Today we head towards the Mekong.

After visiting the Mekong Resting place, a popular tourist spot along the way, for a rest stop, we progress onto My Tho and take in awe, the statue of the large Buddha. This huge statue stands approximately two-three storeys tall and over-looks the temple and surrounding area.
Our group is welcomed and invited to photograph the monks as they celebrate their daily meal and prayers. An invitation which is not lost of its importance to our group. We are advised that the monks do not eat for the rest of the day after this midday meal.

On thanking the monks we move onto the wharf at My Tho where our group board our small motor vessel to be transported to the island of Binh Hoa Phuoc. This is the group's first real contact with the mighty Mekong. Travelling through six countries on its journey to the open sea, the Mekong is the sixth longest river in the world. It is the lifeblood to so many in this region.

Our group witnesses the making of coconut candy, where the flesh of the coconut is ground into pulp and then pressed to extract the coconut milk. The milk is heated and with different additives is continually stirred and then spread out to solidify before being cut into small squares

These small pieces are individually hand wrapped before being packaged by members of the family.

For those more adventurous in the group, a small glass of snake wine is consumed.

What a kick this has – is certainly clears the sinus!

Snake wine is made from the addition of alcohol, herbs and at least four snakes. This is then left to ferment in a jar for a minimum of six months before being consumed. Those of the group that did throw fate to the wind and partake all liked the potent brew.

After being entertained by a local music group whilst sipping on honey tea, ginger and fresh fruits, the group in twos, boarded small canoes paddled by mostly ladies. Through the narrow winding canals, over hung by palms, each craft threaded its way to finally link up with our slightly larger motor boat which then transported us onto our next stop.

Here we were treated to the delicacy of "Elephant Ear Fish’ which is deep fried and presented, together with its scales, upright between wooden pegs. 

The fish derives its name because of the large double tail fins and is famous within the region.

The fish flesh along with glass noodles, green herbs and cucumber is then rolled in rice paper, dipped in fish sauce and presented for eating. The cameras were quickly clicking away at this presentation.

From our lunch we travelled back to the wharf to board our vehicle for the next leg of our journey – our road trip to Tra Vinh for our overnight stop.

But Oh! What a chance meeting.

On the car/bike/passenger ferry crossing one section of the Mekong, I recognised a monk from the Chau Co Temple or “Temple of the Birds" that I had photographed back in February 2009. On speaking with him, our group was quickly invited to visit his home and temple at 6:00 am the following morning, even though it meant us departing our overnight hotel at 5:00am to travel to the temple.

After the ferry ride and approaching Tra Vinh, the late afternoon light became so beautiful for photography.

Long, our guide and I decided to stop at the Ao Ba Om Temple for the group to photograph within the grounds of the temple and to make use of this beautiful late afternoon light.

Here I met and photographed another monk (Phuong) who had been at the temple for 18 years after first entering monkhood at the age of 19 years.

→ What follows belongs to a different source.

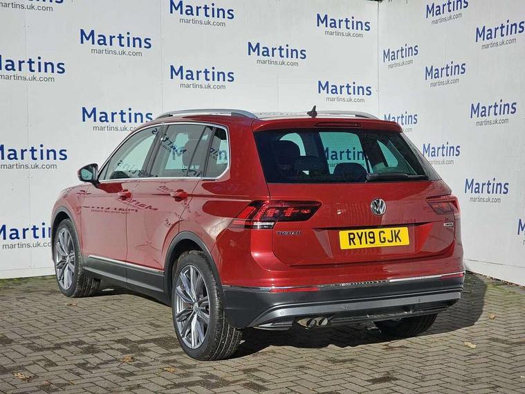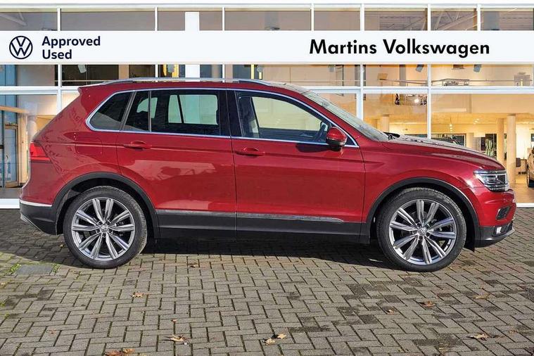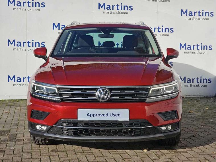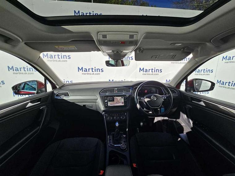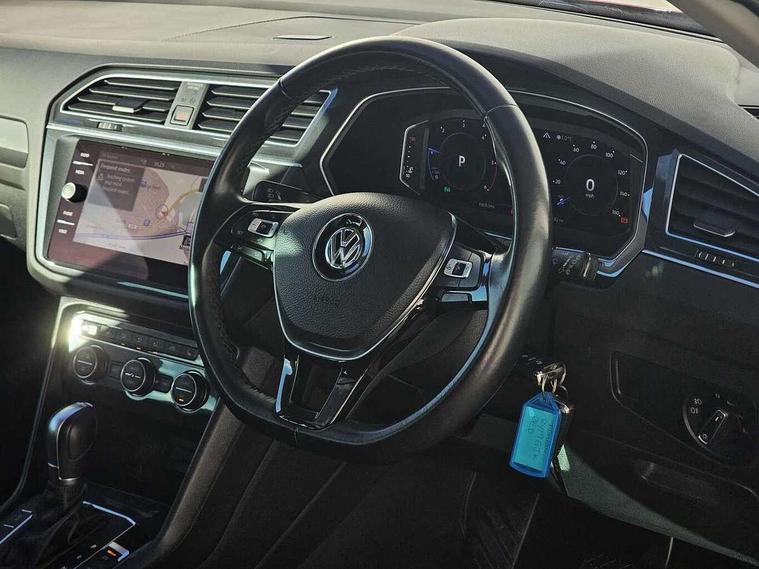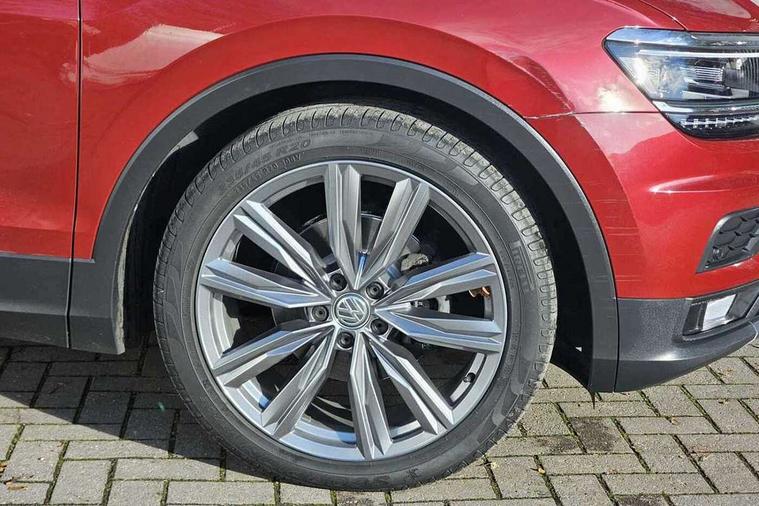 Active information display, Adaptive cruise control, App-Connect, Bluetooth phone integration system, Car-Net Security and Service, Coasting function, Distance control assist, Drive mode selector, Driver profile selection, Fatigue detection system, Front assist, radar sensor controlled distance monitor, city emergency braking + predictive pedestrian protection, Instrument cluster, Lane assist, Low washer fluid warning light, Multifunction colour display, Outside temperature display, Service interval indicator, Speed limiter, Start/Stop function, Warning lights, Diesel particulate filter, Misfuel prevention device for diesel engine, XDS electronic differential lock, 2x USB sockets in front, 4 X 20 watt output, DAB Digital radio, MP3 compatible single CD player, SD card slot, Simultaneous pairing of 2 compatible mobile devices, SMS functionality - read, compose and send SMS messages using touch-screen display, Title and cover art display, 3D effect cherry red LED rear tail lights, Auto dimming interior mirror, Automatic activation of hazard warning lights, Black door protector with chrome inserts, Body colour door handles, Body colour door mirrors, Body coloured bumpers, Chrome side body trim, Chrome side window surrounds, Chrome trimmed radiator grille, Coming/leaving home lighting function, Dusk sensor + auto driving lights, Electric folding door mirrors, Electric heated + adjustable door mirrors, Electric panoramic sunroof with sunblind, Front air intake with chrome strip, Front and rear electric windows, Halogen clear headlights with integrated indicators and range adjustable, Heated rear window, High level 3rd brake light, LED headlights with dynamic light assist daytime running lights and cornering front fog lights, LED rear number plate lights, Rain sensor windscreen wipers, Rear windscreen washer and wiper with interval delay, Side door sills with chrome inserts, Side skirts and rear bumper with chrome insert, Silver rear diffuser trim, Silver roof rails, Silver under body guard, Tinted windows (B pillar backwards), Windscreen wipers/ intermittent wipe + 4 position delay, 12V Accessory socket in centre console, 3 rear headrests, 3 zone climate control, 4 load lashing points, 40:20:40 split folding rear seats, Bag hook in luggage compartment, Driver + front passenger lumbar support, Foldable passenger seatback, Front + rear carpet mats, Front centre armrest with 12v socket, Front centre armrest with storage + rear 2 air vents + cupholders, Front seat back storage pockets, Front seatback folding tables, Height/reach adjust steering wheel, Illuminated driver/passenger vanity mirrors, Illuminated scuff plates, Instrument lighting white adjustable panel illumination, Interior light with delay, Isofix Preparation 2 Rear child seats, Leather gear knob, Load through provision with 2 cupholders when folded, Lockable cooled glovebox, Luggage compartment lighting, Luggage compartment side storage, Map pockets on front seats, Passenger seat height adjuster, Passenger underseat drawer, Rear cupholders, Removable luggage cover, Sliding/reclining rear seats, Storage compartment in driver's door, Storage compartment in passenger's door, Storage compartment in rear doors, Storage tray on dashboard, Sunglasses storage, Variable boot floor, Ambient lighting pack - Tiguan, Winter pack - Tiguan/Tiguan Allspace, 3 rear 3 point seatbelts, ABS+EBD+Brake assist, Active bonnet, Active pedestrian safety system, Curtain airbags, Driver/Front Passenger airbags, Driver/Passenger whiplash optimised head restraints, Drivers knee airbag, DTC - Drag torque control, Electronic parking brake with auto hold, ESP with EDL + ASR, First aid kit, Front side airbags, Front ventilated disc brakes and rear disc brakes, Head airbag system, Height adjustable front 3 point seatbelts + pretensioners, Hill hold control, Passenger airbag deactivate switch, Passenger knee airbag, Proactive preventive occupant protection, Rear side airbags, Rigid safety cell with front and rear crumple zones, Seatbelt warning lamp and buzzer, Two tone horn, Warning triangle, Alarm with interior protection, Electronic engine immobiliser, Remote central locking with 2 remote folding keys, Chrome door trim inserts, Piano black interior trim, Steel space saver spare wheel,

He intended to remain at the temple and study for the rest of his life. With my interpreter Long, we were able to establish quite a conversation, albeit that the conversation was partly in Khmer language.

My new monk friend invited our group into the innermost sanctum of the temple where the group was allowed to practice their low light photography skills. The result, with some tuition, resulted in some amazing images for the group.

So another full day was drawing to a close and with an extremely early morning start tomorrow, the group were happy to download images, review their photos for the day and retire after dinner at the hotel.